━━ Input data ━━

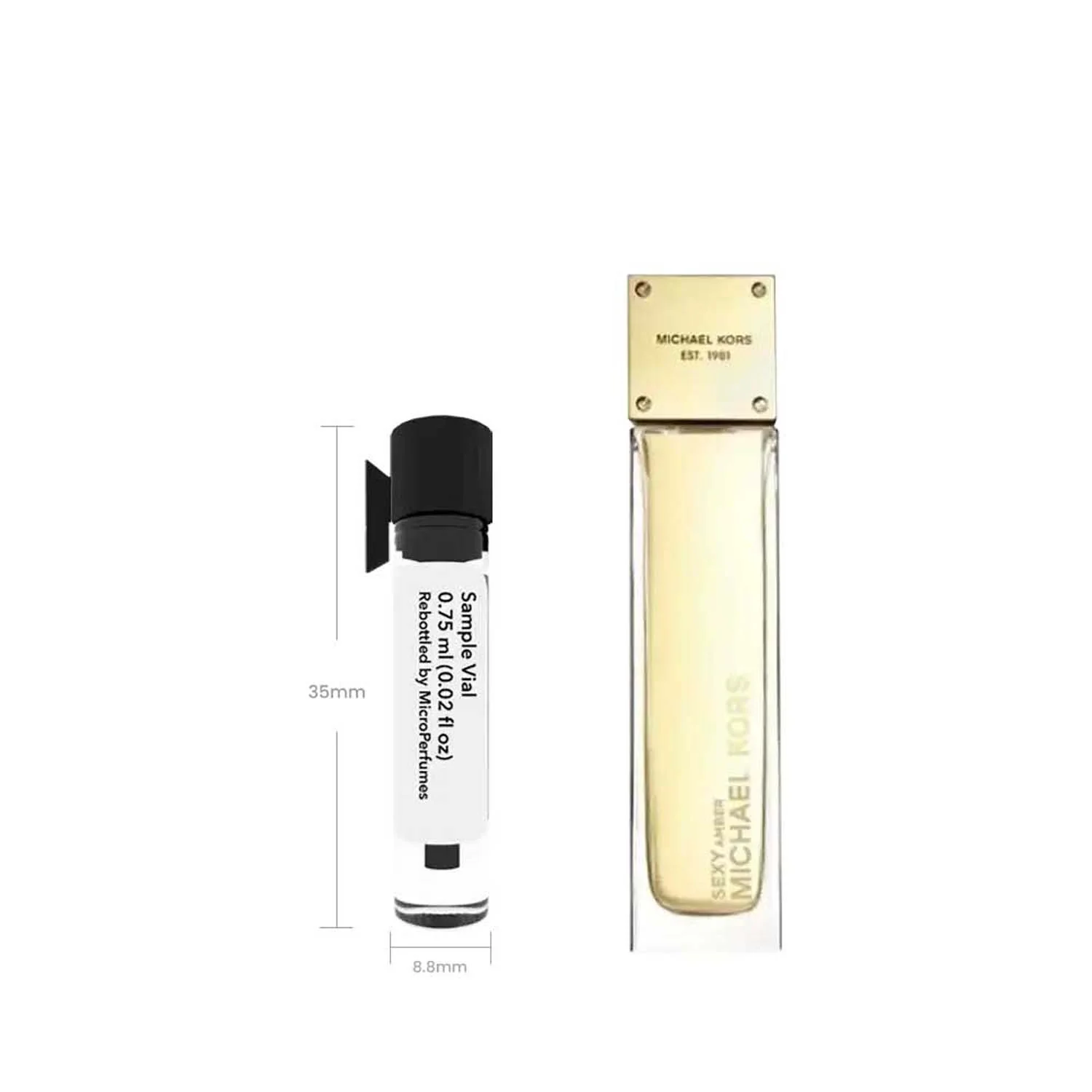 Sexy Amber by Michael Kors envelops with a rich fusion of warm amber, creamy sandalwood, and delicate white florals, projecting an aura of sophisticated allure. This captivating fragrance is ideal for intimate evening gatherings and elegant cooler-weather occasions. Independently rebottled by MicroPerfumes, this 0.75 ml sample vial provides enough fragrance for several wears, making it a low-risk way to explore a new scent without commitment.
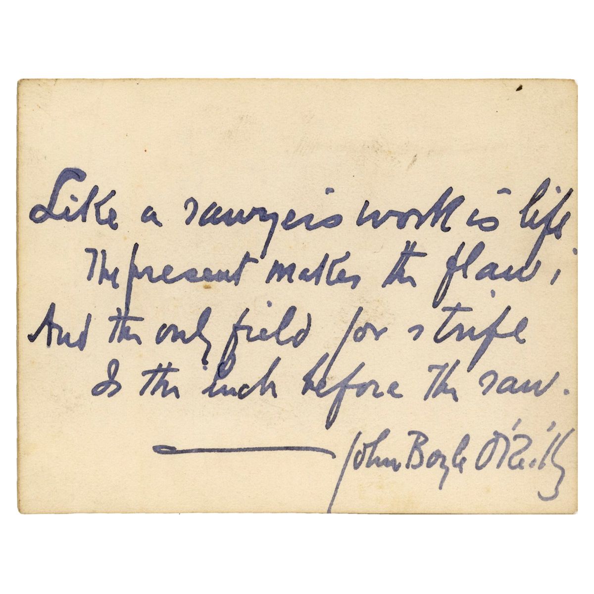 Handwritten poem signed by John Boyle O'Reilly, renowned 19th century Irish-American poet and editor of the Boston newspaper ''The Pilot.'' Inked in blue, poem reads in full, ''Like a sawyer's work is life / The present makes the flaw; And the only field for strife / is the inch before the saw. John Boyle O'Reilly''. Measures 4.5'' x 3.5''. Toning, else near fine.
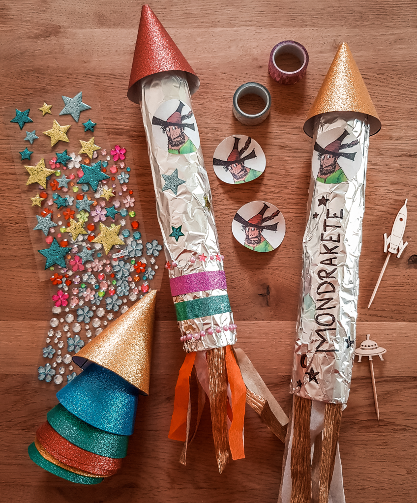 Bei Familienbücherei und Pinspiration habe ich tolle selbstgebastelte Raketen zum Buch Der Räuber Hotzenplotz und die Mondrakete gesehen. Da stand dann für mich schon die erste Aktivität – denn was gibt es bitte Schöneres als ein selbstgebasteltes Andenken an den Kindergeburtstag? Der erste Teil der Vorbereitung – das Sammeln von leeren Küchenrollen – stellte sich dann doch als problematisch dar, denn so schnell werden Küchenrollen ja nicht leer. Zum Glück hatte ich Unterstützung aus der Familie und so hatte ich am Ende sogar noch ein paar Reserven zum Vorbasteln. Fangt daher unbedingt rechtzeitig an zu sammeln! Das benötigt ihr zum Basteln der Mondraketen:

━━━

• Requirement: An exact copy of the material above is required, minus its images.

• Solution to this task:
 Sexy Amber by Michael Kors envelops with a rich fusion of warm amber, creamy sandalwood, and delicate white florals, projecting an aura of sophisticated allure. This captivating fragrance is ideal for intimate evening gatherings and elegant cooler-weather occasions. Independently rebottled by MicroPerfumes, this 0.75 ml sample vial provides enough fragrance for several wears, making it a low-risk way to explore a new scent without commitment.
 Handwritten poem signed by John Boyle O'Reilly, renowned 19th century Irish-American poet and editor of the Boston newspaper ''The Pilot.'' Inked in blue, poem reads in full, ''Like a sawyer's work is life / The present makes the flaw; And the only field for strife / is the inch before the saw. John Boyle O'Reilly''. Measures 4.5'' x 3.5''. Toning, else near fine.
 Bei Familienbücherei und Pinspiration habe ich tolle selbstgebastelte Raketen zum Buch Der Räuber Hotzenplotz und die Mondrakete gesehen. Da stand dann für mich schon die erste Aktivität – denn was gibt es bitte Schöneres als ein selbstgebasteltes Andenken an den Kindergeburtstag? Der erste Teil der Vorbereitung – das Sammeln von leeren Küchenrollen – stellte sich dann doch als problematisch dar, denn so schnell werden Küchenrollen ja nicht leer. Zum Glück hatte ich Unterstützung aus der Familie und so hatte ich am Ende sogar noch ein paar Reserven zum Vorbasteln. Fangt daher unbedingt rechtzeitig an zu sammeln! Das benötigt ihr zum Basteln der Mondraketen:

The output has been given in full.